Both the openings of the pulmonary artery and the aorta are also guarded by valves as pulmonary and aortic valves respectively. These valves are formed by three half-moon shaped (semi lunar) cusps. It should however be remembered that both the atrium contract at the same time followed by the simultaneous contraction of both ventricles. The heart is supplied with arterial blood by the right and left coronary arteries. On the contrary, its deoxygenated blood or the venous return is by the coronary sinus which empties into the right atrium.

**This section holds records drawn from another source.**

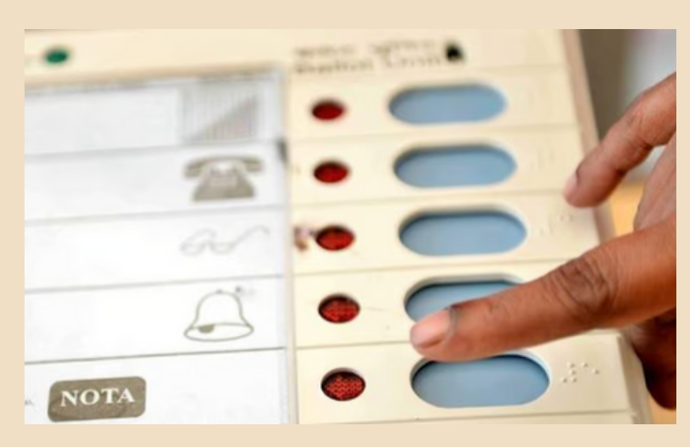
Link to the article: (September 26th, 2024) <a href="https://www.newindianexpress.com/nation/2024/Sep/26/panchayat-polls-in-punjab-to-be-held-on-oct-15">https://www.newindianexpress.com/nation/2024/Sep/26/panchayat-polls-in-punjab-to-be-held-on-oct-15</a>

Punjab will hold elections for 13,327 panchayats on October 15, as announced by State Election Commissioner Raj Kamal Chaudhary. Nominations can be submitted from September 27 to October 4, with scrutiny on October 5 and withdrawal of nominations by October 7. There will be 19,110 polling booths, with expenditure limits set at Rs 40,000 for sarpanches and Rs 30,000 for panches. The total number of voters is 1,33,97,932, and the elections will utilize ballot boxes, with a NOTA option available. Vote counting will occur on the same day. Approximately 96,000 personnel will oversee the elections, supported by 23 IAS/PCS officers as observers.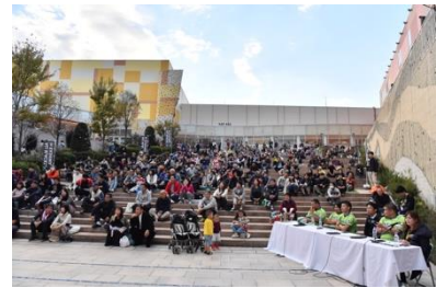
Public viewing space for a 2018 match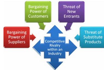
Figure 1. Porter’s Five Forces Model 11

The threat of new entrants in this case is high. Lots of online social networking sites are being/have been launched, since the time Ning was launched, and the trend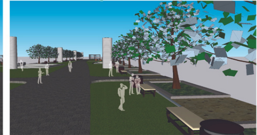
Pedestrian and road Interface with green spaces as buffers to reduce noise and pollution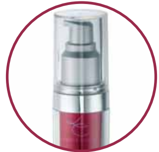
Anti-Aging System 12h-Active-Serum The 12h long term care effect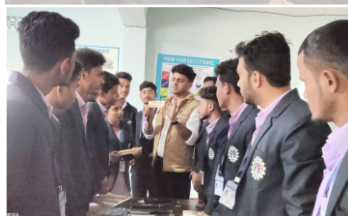
Mine Ventilation Lab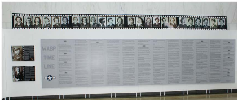
Twenty-six foot long WASP TIMELINE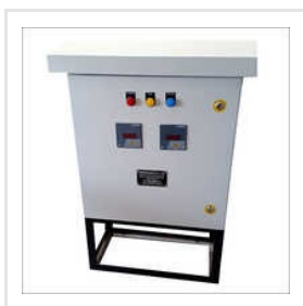
PDB Control Panel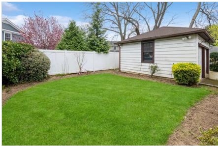
View of yard featuring fence

Functions: The function of the heart is to maintain a constant circulation of blood throughout the body. It acts as a pump and its action is composed of a series of events known as the ‘Cardiac Cycle’. In human beings, when the heart is beating normally, the cardiac cycle occurs about 74 times per minute. Thus each cycle lasts about 0. 8 of a second. The cardiac cycle consists of: Contraction of the artia – Artial Systole Contraction of the Ventricles – Ventricular Systole Relaxation or rest period of – Complete cardiac diastole.

The artria and ventricles. Heart Sound One can hear two heart sounds for each heart beat or cardiac cycle. They are described in words as ‘lubb-dub’. The first sound, ‘lubb’, is fairly loud and is due to the contraction of the ventricular muscle and the closure of the artrio-ventricular valves. The second sound, ‘dup’ is softer and is due to the closure of semi lunar valves aortic and pulmonary valves. The Circulation of the blood The circulation of blood in the body is divided into three parts: 1. The Pulmonary Circulation.

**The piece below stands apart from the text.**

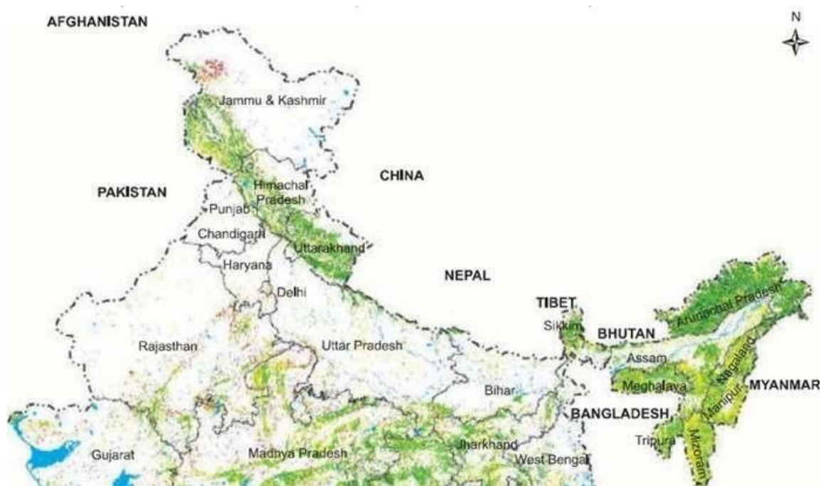
Fig 2. Forest Cover map of Himalayan states of India

In detailed vegetation mapping of Kangan valley of western Himalayas in Pakistan done by Schickh off (1995) it was reported that there was a 50 percent decrease in the forest cover due to change in land utilization practices in this area. In Bashno Valley of western

2. The Systemic Circulation, 3. The Portal Circulation The Pulmonary Circulation: The pulmonary circulation is concerned in carrying deoxygenated blood from the right side of the heart to the lungs and again bringing oxygenated blood from the lungs to the left part of the heart. The pulmonary artery carrying deoxygenated or venous blood arises from the right ventricles. At the level of the fifth thoracic vertebra it divides into right and left pulmonary arteries, passing into the corresponding lungs.

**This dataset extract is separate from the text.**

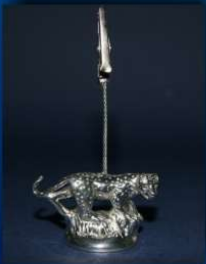
LEOPARD PCH 004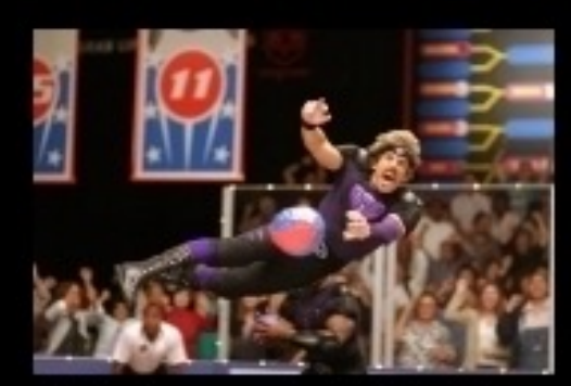
What parents think I do.

Within the lungs these arteries divide and subdivide into smaller arteries, subsequently becoming arteries and capillaries. It is between the capillaries and the lung tissue that the interchange of gases takes place. In each lung the capillaries carrying oxygenated blood join up and form two vein, so, two pulmonary veins from each lung, therefore becomes four pulmonary veins which return oxygenated blood to the left atrium of the heart. These are the only veins which carry oxygenated blood. The Systemic Circulation:

The systemic or general circulation constitutes the circulation of blood from the left ventricle through the main artery, the aorta to all the parts of the body and is again returned to the right side of the heart by the superior and inferior Venacava. Oxygenated blood leaves the left ventricle through the aorta which branches and reaches every part of the body supplying 02 and nourishment to the body tissues. Similarly the deoxygenated blood is carried through the veins which eventually forms superior and inferior Venacava and gets poured into the right artrium of the heart. Portal Circulation:

Portal circulation includes all the veins which drain blood from the abdominal part of the digestive system from the spleen, pancreas and gall bladder via liver to the inferior Vena Cava. This indirect route, through the liver is followed, as there is no provision for blood entering directly to the heart. The blood from all these organs unites to form the portal vein and carried to the liver. In the liver substance, the portal vein breaks up into smaller veins and finally into capillaries. These capillaries again unite to form two or three large hepatic veins which leave the liver to join the inferior Vena Cava.

Thus, the portal veins unlike all other veins in the body both commence and end as capillaries. Hence, the digested food stuff in the alimentary canal are absorbed into the capillaries which go to make up the portal vein and are carried by it into the liver. In order that these materials can come in contact with the liver cells for metabolism, it is necessary for the blood to pass through a second set of capillaries.